私はもう長い間プレッシャーを感じることはなくなっているんだ。プレッシャーというものは、私の人生からきれいに姿を消してしまったよ。私がまだ自分の仕事を続けているのは、仕事が楽しいからであり、この2年間にブンデスリーガ昇格という形でやり遂げたことをうれしく思っているからだ。我々がクラブとして、トレーナーや選手たちと一緒になって成し遂げたこと、それ自体がセンセーショナルなんだ。
――ブンデスリーガに乗り出すという冒険を始めるに当たって、チームの選手たちにはどんな言葉をかけましたか?
我々は少しもプレッシャーを感じていないということだ。いずれにせよ誰もが、フォルトゥナは降格の第一候補で、残留は無理だと言っているのだから。だが、それにもかかわらず我々は、ブンデスリーガで立派にやっていけることを示したんだ。我々に必要なのは、どの試合でもいいから勝利を手にすることだよ。
――何もかもが目まぐるしい評価にさらされ、監督へのリスペクトも失われた現状で、あなたが今なおどんなふうに仕事に喜びを感じて、うまくスイッチを切り換えているのか、教えてもらえますか?
ひょっとすると、確かに私はほかの監督よりうまくやれているかもしれないね。年齢も年齢だし、記事に書かれたり言われたりすることをもうそんなに真面目に相手にしないんだよ。ソーシャルネットワークも私は知らない。SNSで私が何をすればいいんだ? あんなものはナンセンスだね。度を越した誇張がまかり通り、正体もわからない誰かから悪口を浴びせられたり脅されたりする世界だ。私にはまったく興味が湧かないよ。
――ソーシャルメディアを使わないというのはすごいですね。ところで、あなたはもっと頻繁にオペラに行くよう勧めていたことがありますが、それについてはいかがでしょう?

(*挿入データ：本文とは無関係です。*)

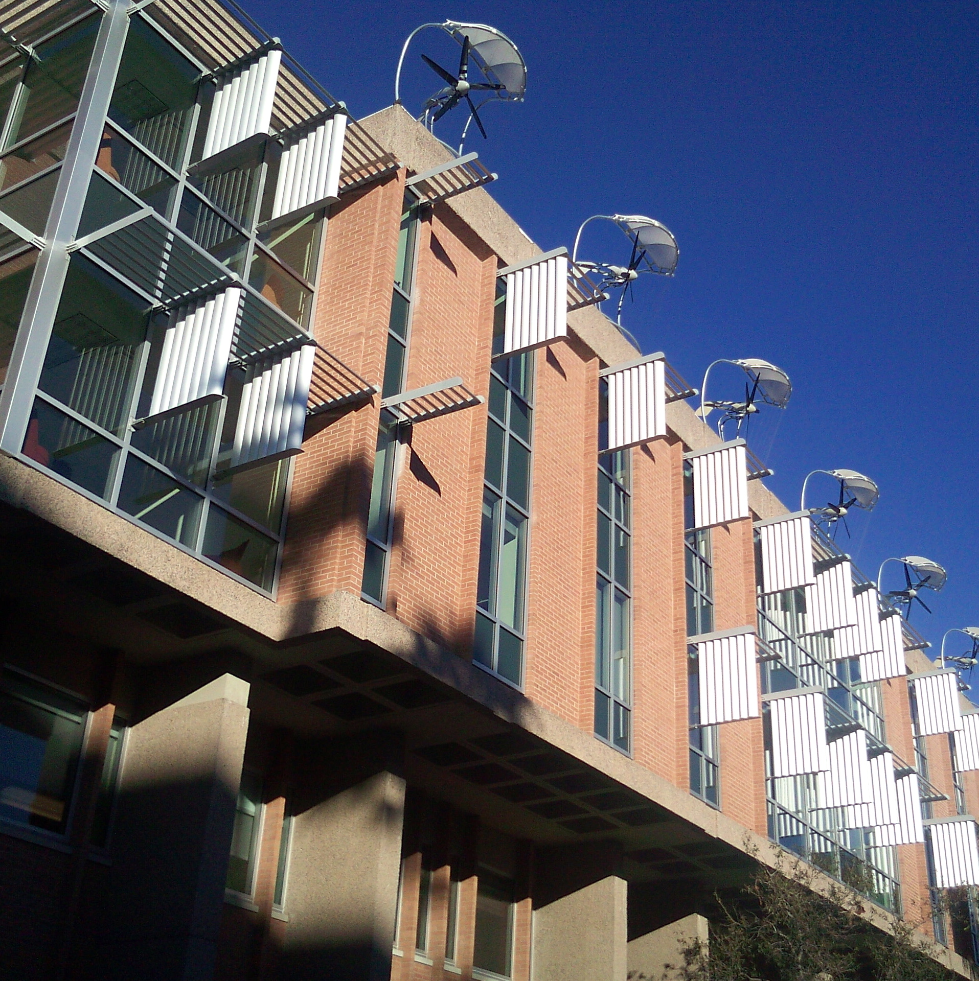 The School of Sustainability at Arizona State University. The School was founded in 2007 and provides interdisciplinary undergraduate and graduate programs. The wind turbines and soon-to-be installed solar panels demonstrate ASU's commitment to running the campus in a much more sustainable fashion. Shot with the Motorola Zine ZN5 mobile phone with an embedded Kodak camera.

本当にそんなことを言ったことがあったのだろうか…。いや、私はオペラファンじゃないよ。ジャンルに関わりなくドイツの音楽を聞きはするが、それを別にすればたいして音楽好きでもない。それよりも、友人たちと出かけて、映画を見たりテニスをするのが好きだね。試合の後にやるのもそういうことだ。
――デュッセルドルフはあなたが監督として身を寄せる最後のクラブになることが決まっていますね。あなたはデュッセルドルフのほかにもブンデスリーガの数多くのクラブで監督を務め、ドイツで700試合以上指揮してきました。反対に、国外のクラブで指揮を執ったことは一度もありません。国外へ出たいと思ったことはないのですか?
それはないね。いつもドイツで仕事をする機会があったからね。ドイツは素晴らしい国だ。本当にとても気持ちよく暮らすことができるし、フットボールに関わる仕事もできるんだ。ほかの国で仕事をすることに心を惹かれたことは一度もないね。